Using both fast-slow decomposition and two-parameter bifurcation analysis, we investigate the generation mechanisms of the mixed bursting. We show that the pattern of mixed bursting in two-coupled pre-Bötzinger complex cells varies with the increase of g_K. Mixed bursting is widespread and complex. Dunmyre^[24] found in a self-coupled pre-Bötzinger the mixed patterns of square-wave and DB bursts (bursts featuring depolarization block), which matched well with the activity that was observed in the experimental preparations.^[23] In this paper, we find the mixed bursting composed of the regular fold/fold limit cycle bursting, subHopf/subHopf bursting, or subHopf/fold limit cycle bursting in the coupled pre-Bötzinger complex model.
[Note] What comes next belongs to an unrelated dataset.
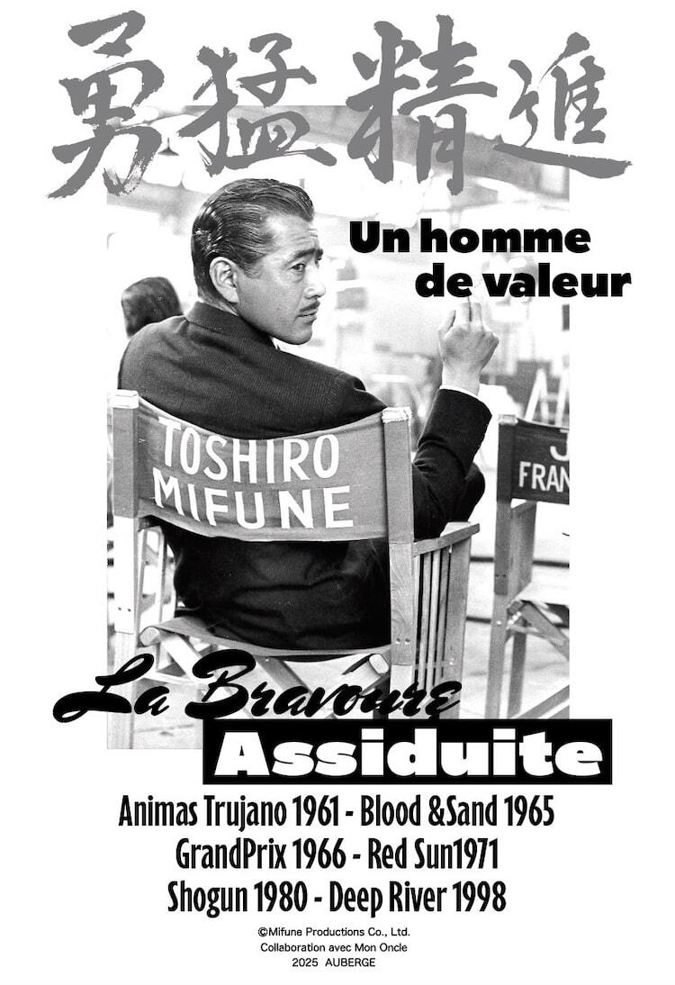 ジーンズは三船が1950年代にはいていたものをイメージソースに制作した2種類のブラックデニム。コインポケットの裏には、三船プロ協力のもと、三船が実際に愛用していた洋服の生地の一部をあしらった。また「もしパリのチャイナタウンにあるミニシアターが三船映画のポスターを作ったら?」というコンセプトにもとづき、架空の三船映画のTシャツを制作。YouTubeでは、AUBERGEのデザイナー・小林学が今回のコラボについて語る動画が公開中だ。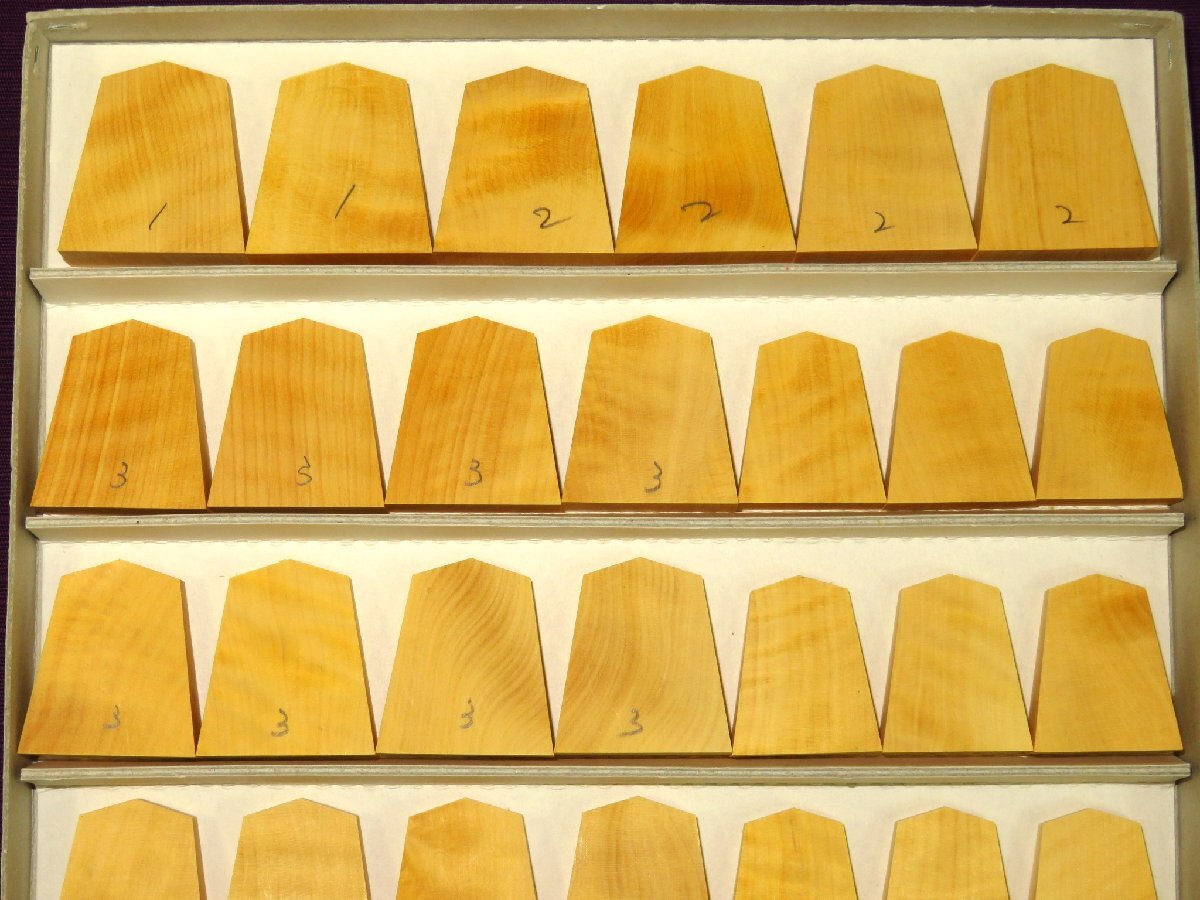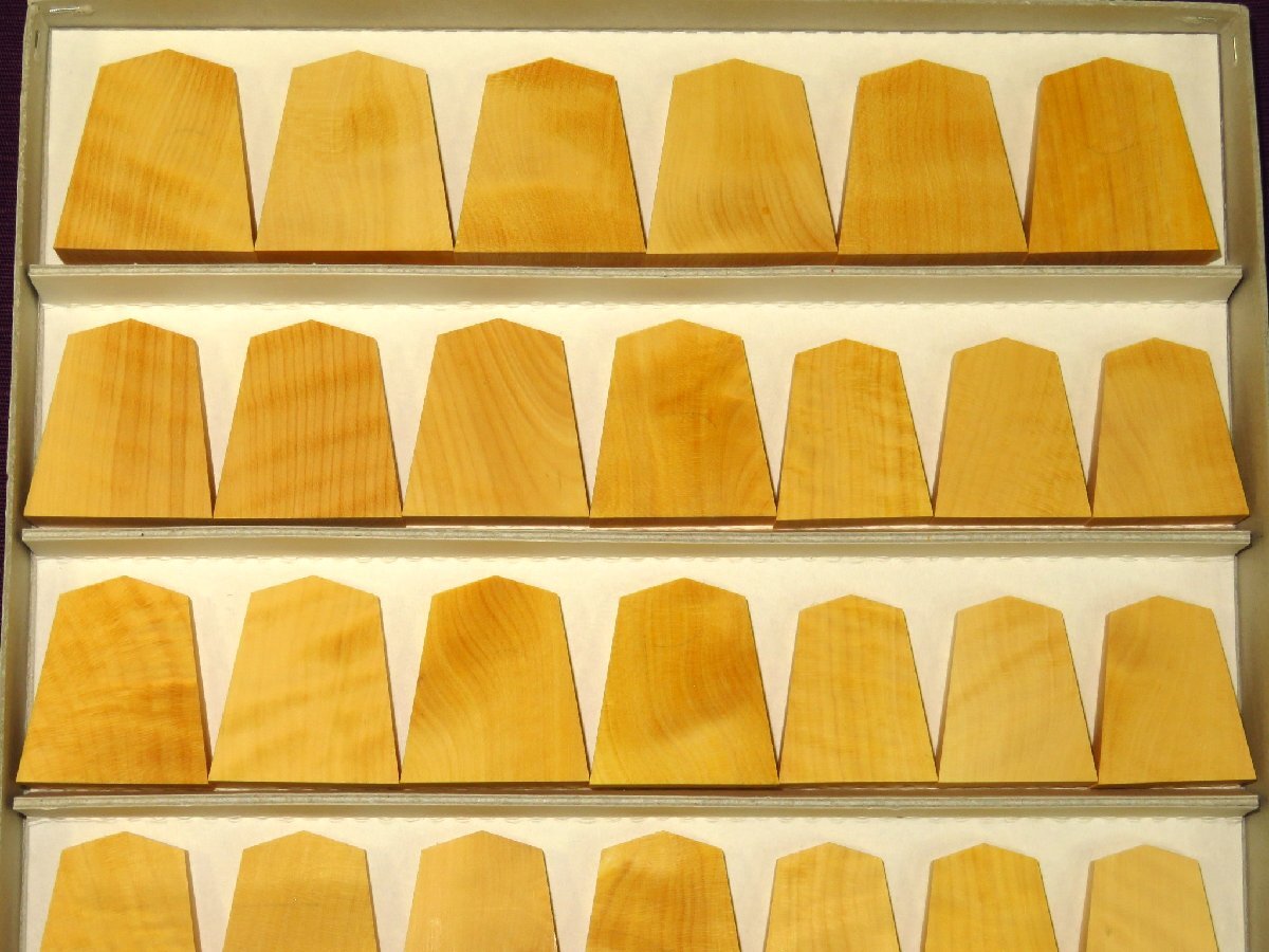 ▲「富士駒の会」監修/島黄楊「銀目系」将棋駒木地▲

Wang et al.^[26] studied the mixed bursting of a two-compartment model of a pre-Bötzinger complex neuron featuring a persistent sodium current I_NaP, a nonspecific cation CAN current, as well as the intracellular calcium oscillations that modulate the CAN current. Their investigations showed that the appearance of mixed bursting in pre-Bötzinger neurons depends heavily on the contribution of the dendritic calcium oscillations. We investigate the mixed bursting raised by the change of the potassium current (parameter g_K) in the coupled pre-Bötzinger complex model, which involves persistent sodium current I_NaP, but has no nonspecific cation CAN currents. Our results show that the nonspecific cation CAN current is not necessary for the generation of mixed bursting. The results also indicate that the mixed bursting is a heterogeneous transition state. Our analysis of mixed bursting patterns can be extended and applied to investigate other rhythmic neuronal systems with a two-timescale forcing term.